Hence, petitioner has met the requisites of 28 U.S.C.A. § 2254, as interpreted in Brown and Cormier, suprá, if his constitutional arguments were urged upon and rejected by the Court of Criminal Appeals of Texas, certiorari having been denied. Petitioner’s federal constitutional contentions are three, all emanating from the due process clause of the Fourteenth Amendment: (1) conviction is based on a coerced confession obtained from petitioner after protracted questioning, repeated threats, actual beatings and physical abuse, and denial of access to counsel and family; (2) petitioner was denied the right to testify at his trial to the effect that during his incarceration in the Harris County jail, while indicted and awaiting trial, he was removed to a distant building by Texas Rangers in order that an additional “confession” could be obtained; and (3) the trial court permitted the introduction by the state of a collateral crime — rectal sodomy — not embraced in the murder indictment.

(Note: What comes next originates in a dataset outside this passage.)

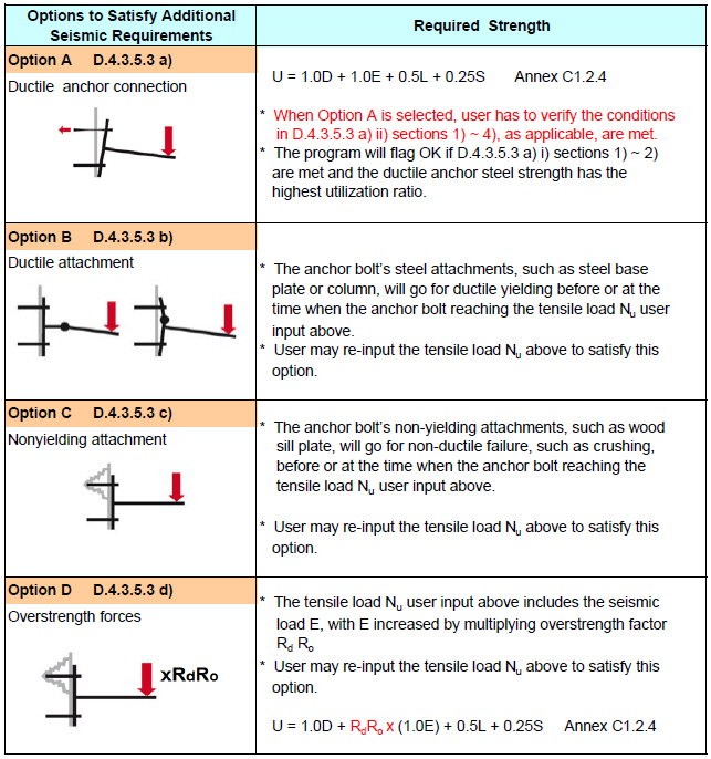 Tensile - Options to Satisfy Additional Seismic Requirements

The court is of the opinion that petitioner’s constitutional arguments were urged upon, considered and rejected by the Court of Criminal Appeals of Texas. Petitioner’s counsel, Mr. Golding, moved in the state trial that the controverted statement of July 22, 1959, which had been admitted earlier, be stricken from the record and taken from the jury’s consideration (Pl.’s Exh. 2-B, Tr. 496-500).3 The basis of this motion was its allegedly having been obtained through police coercion. Counsel’s motion to strike on these constitutional grounds was denied (Pl.’s Exh. 2-B, Tr. 500). An exception was taken to this ruling (Pl.’s Exh. 2-B, Tr. 500); this issue went to the Court of Criminal Appeals as Defendant’s Bill of Exception No. 24. That court in its opinion at 336 S.W.2d 175 reviewed petitioner’s claims of coercion and the police reply thereto at page 178. It then said in 336 S.W.2d at page 179:

“The state first introduced sufficient testimony to authorize the admission in evidence of the written statement of the appellant in accordance with the requirements of Art. 727, C.C.P., and then offered the written statement in evidence.
“Appellant made no objection to the introduction of the statement into evidence on the ground that it was involuntarily made.
“No error appears in the admission of said written statement into evidence.” (Emphasis supplied.)4

[261]*261This court believes that the coercion issue was rejected by the Court of Criminal Appeals in the above-quoted passage, particularly the italicized portion thereof. Certainly, the issue was put before that court by petitioner’s Bill of Exception No. 24. The basic grounds for the charge of coercion, urged by Mr. Golding at the trial in Tr. 496-500, were noted by the court in 336 S.W.2d at page 178. Petitioner’s motion for rehearing, denied by the Court of Criminal Appeals on June 22, 1960, without written order, dwelt primarily on the issue of a coerced confession. Johnson’s petition for writ of certiorari in the Supreme Court stressed the coercion question. The trial court’s charge to the jury of September 26, 1959, clearly set forth the coercion contention or question (Pl.’s Exh. 3, pp. 7-8). Petitioner’s motion for new trial of October 2, 1959, charged error in the admission of the statement (Pl.’s Exh. 3, pp. 57-58). Respondent’s “Return and Answer * * * and Motion To Dismiss”, filed in this cause on March 21, 1961, urges in III thereof that the coercion issue has already been decided adversely to petitioner in the state courts.

The court is therefore of the opinion that it has jurisdiction over this petition consonant with the teachings of Brown and Cormier, supra.